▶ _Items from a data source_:

○ ○ ○ ○ ○ ○ ○

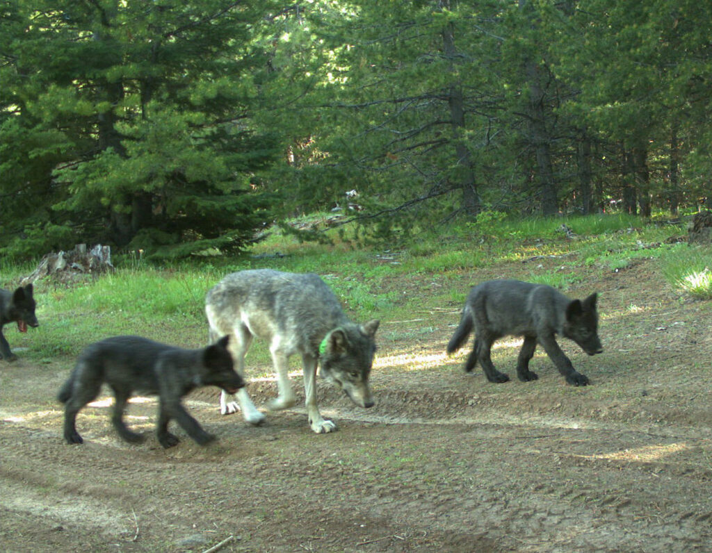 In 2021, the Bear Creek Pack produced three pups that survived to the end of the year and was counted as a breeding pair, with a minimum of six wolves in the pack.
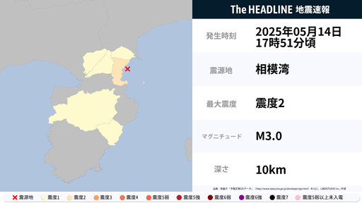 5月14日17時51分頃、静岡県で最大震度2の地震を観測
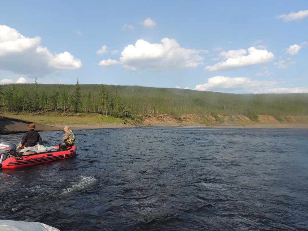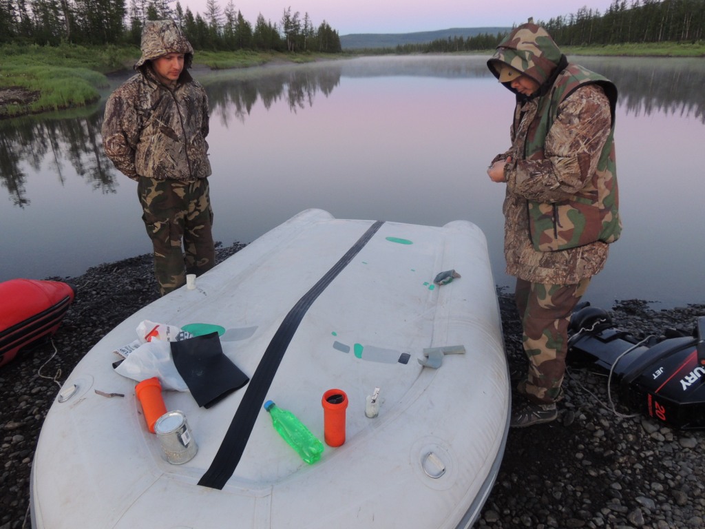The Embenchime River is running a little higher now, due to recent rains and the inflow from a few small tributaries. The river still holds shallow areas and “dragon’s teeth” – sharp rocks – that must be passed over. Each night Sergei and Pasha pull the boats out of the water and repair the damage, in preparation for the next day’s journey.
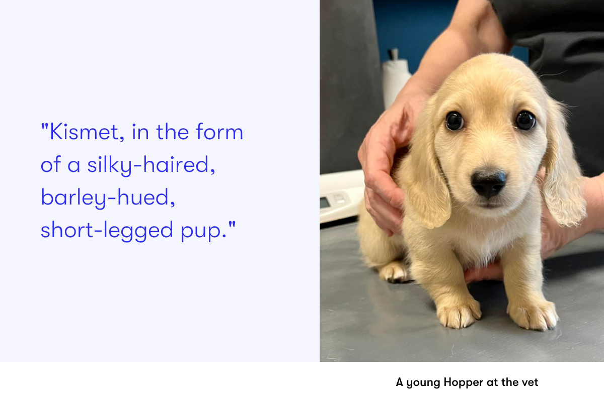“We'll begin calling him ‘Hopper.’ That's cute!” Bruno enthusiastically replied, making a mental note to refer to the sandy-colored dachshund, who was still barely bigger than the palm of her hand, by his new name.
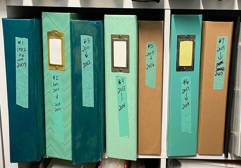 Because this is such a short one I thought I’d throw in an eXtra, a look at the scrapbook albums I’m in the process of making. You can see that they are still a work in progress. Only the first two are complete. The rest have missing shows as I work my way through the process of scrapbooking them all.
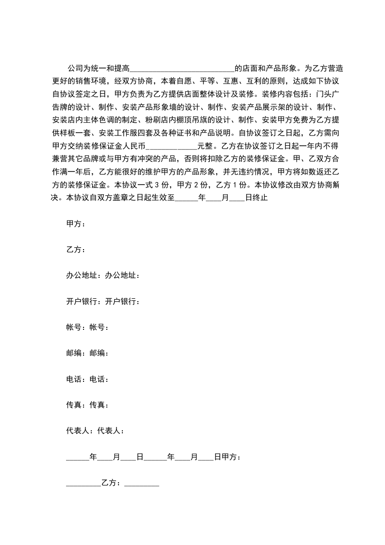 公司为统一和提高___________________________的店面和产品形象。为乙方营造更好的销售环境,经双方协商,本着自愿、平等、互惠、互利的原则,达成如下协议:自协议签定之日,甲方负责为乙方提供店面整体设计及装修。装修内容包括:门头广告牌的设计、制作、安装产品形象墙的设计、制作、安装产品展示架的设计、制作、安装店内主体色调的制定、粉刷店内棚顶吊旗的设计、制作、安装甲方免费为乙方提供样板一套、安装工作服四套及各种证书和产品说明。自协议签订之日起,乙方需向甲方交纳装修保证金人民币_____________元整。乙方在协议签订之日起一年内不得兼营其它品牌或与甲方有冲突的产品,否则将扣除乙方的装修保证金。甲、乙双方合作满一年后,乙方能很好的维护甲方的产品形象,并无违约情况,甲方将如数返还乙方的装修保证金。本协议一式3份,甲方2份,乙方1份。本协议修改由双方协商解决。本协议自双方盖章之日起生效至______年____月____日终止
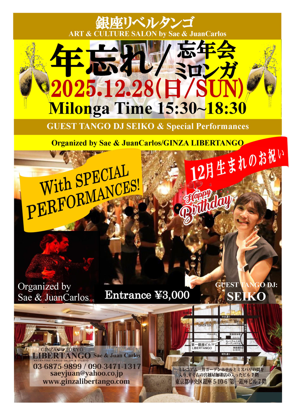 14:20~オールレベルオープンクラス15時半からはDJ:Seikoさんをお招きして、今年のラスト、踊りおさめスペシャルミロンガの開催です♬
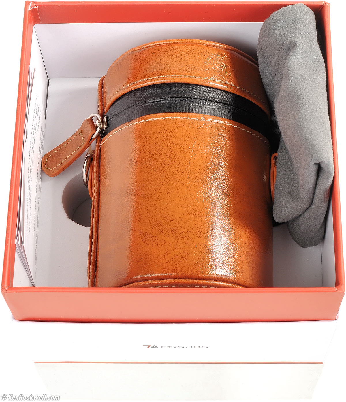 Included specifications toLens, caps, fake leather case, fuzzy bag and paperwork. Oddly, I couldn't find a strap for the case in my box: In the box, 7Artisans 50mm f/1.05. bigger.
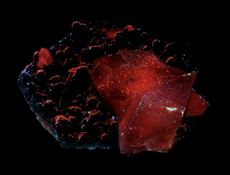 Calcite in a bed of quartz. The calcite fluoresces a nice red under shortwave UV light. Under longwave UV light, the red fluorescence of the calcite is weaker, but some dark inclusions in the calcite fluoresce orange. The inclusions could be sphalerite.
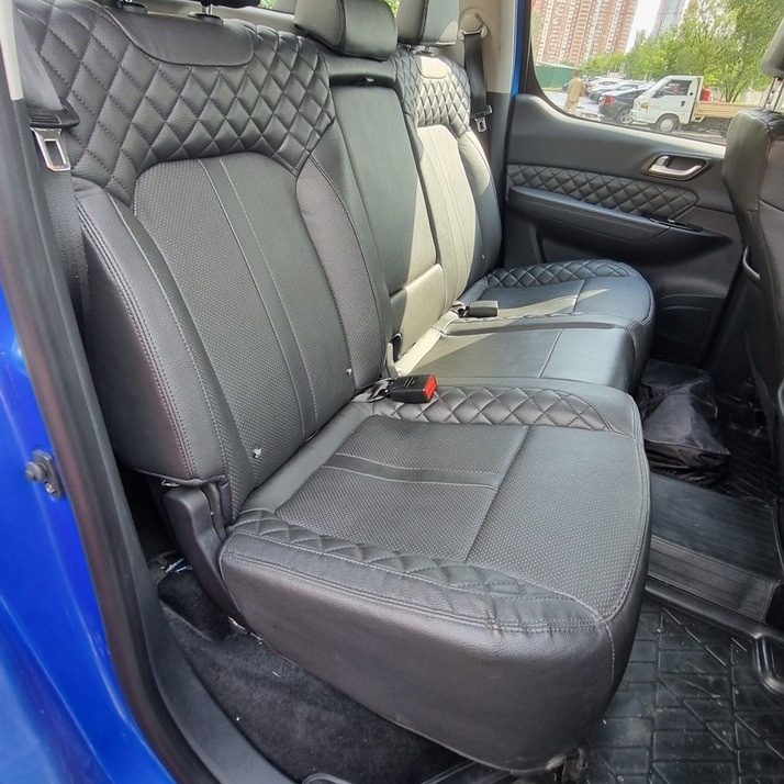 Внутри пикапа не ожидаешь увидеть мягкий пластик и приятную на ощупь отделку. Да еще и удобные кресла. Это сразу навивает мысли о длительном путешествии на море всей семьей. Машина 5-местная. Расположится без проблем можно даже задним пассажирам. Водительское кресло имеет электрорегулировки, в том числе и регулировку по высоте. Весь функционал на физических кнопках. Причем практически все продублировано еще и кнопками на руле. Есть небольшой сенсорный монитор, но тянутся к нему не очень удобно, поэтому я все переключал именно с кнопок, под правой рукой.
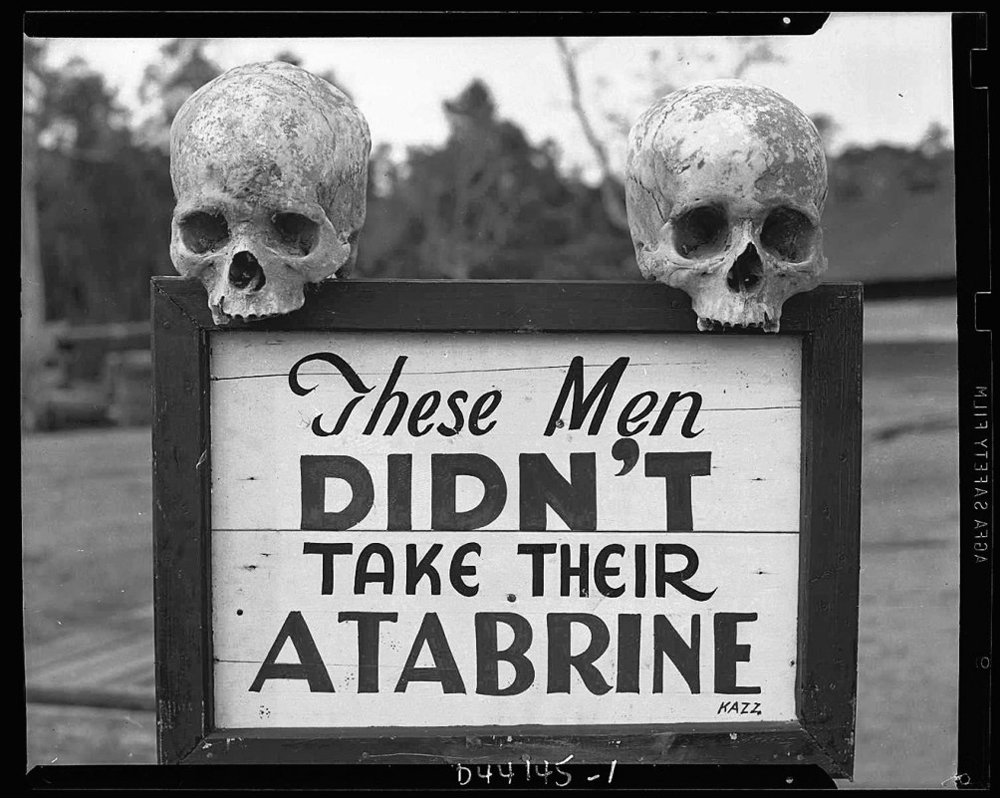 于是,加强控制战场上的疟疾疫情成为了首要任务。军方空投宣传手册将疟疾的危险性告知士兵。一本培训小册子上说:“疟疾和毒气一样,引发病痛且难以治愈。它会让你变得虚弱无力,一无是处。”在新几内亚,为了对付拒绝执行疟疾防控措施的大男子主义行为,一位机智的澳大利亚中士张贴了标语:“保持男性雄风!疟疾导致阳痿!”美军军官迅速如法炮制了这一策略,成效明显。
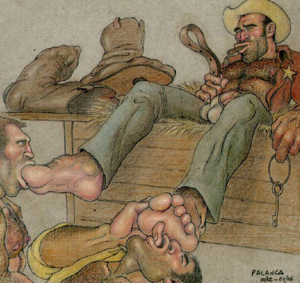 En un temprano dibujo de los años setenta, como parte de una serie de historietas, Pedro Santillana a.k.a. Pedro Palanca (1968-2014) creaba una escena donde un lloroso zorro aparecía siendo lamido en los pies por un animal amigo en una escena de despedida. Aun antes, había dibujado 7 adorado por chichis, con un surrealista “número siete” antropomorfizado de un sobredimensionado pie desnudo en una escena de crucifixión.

○ ○ ○ ○ ○ ○ ○

▶ _YOUR ASSIGNMENT_: Your answer must be the exact lines from the records above, from the one containing "5月14日17時51分頃、静岡県で最大震度2の地震を観測" through the one containing "The Embenchime River", both included, with every picture left out.

▶ _ANSWER BOX_:
 5月14日17時51分頃、静岡県で最大震度2の地震を観測
The Embenchime River is running a little higher now, due to recent rains and the inflow from a few small tributaries. The river still holds shallow areas and “dragon’s teeth” – sharp rocks – that must be passed over. Each night Sergei and Pasha pull the boats out of the water and repair the damage, in preparation for the next day’s journey.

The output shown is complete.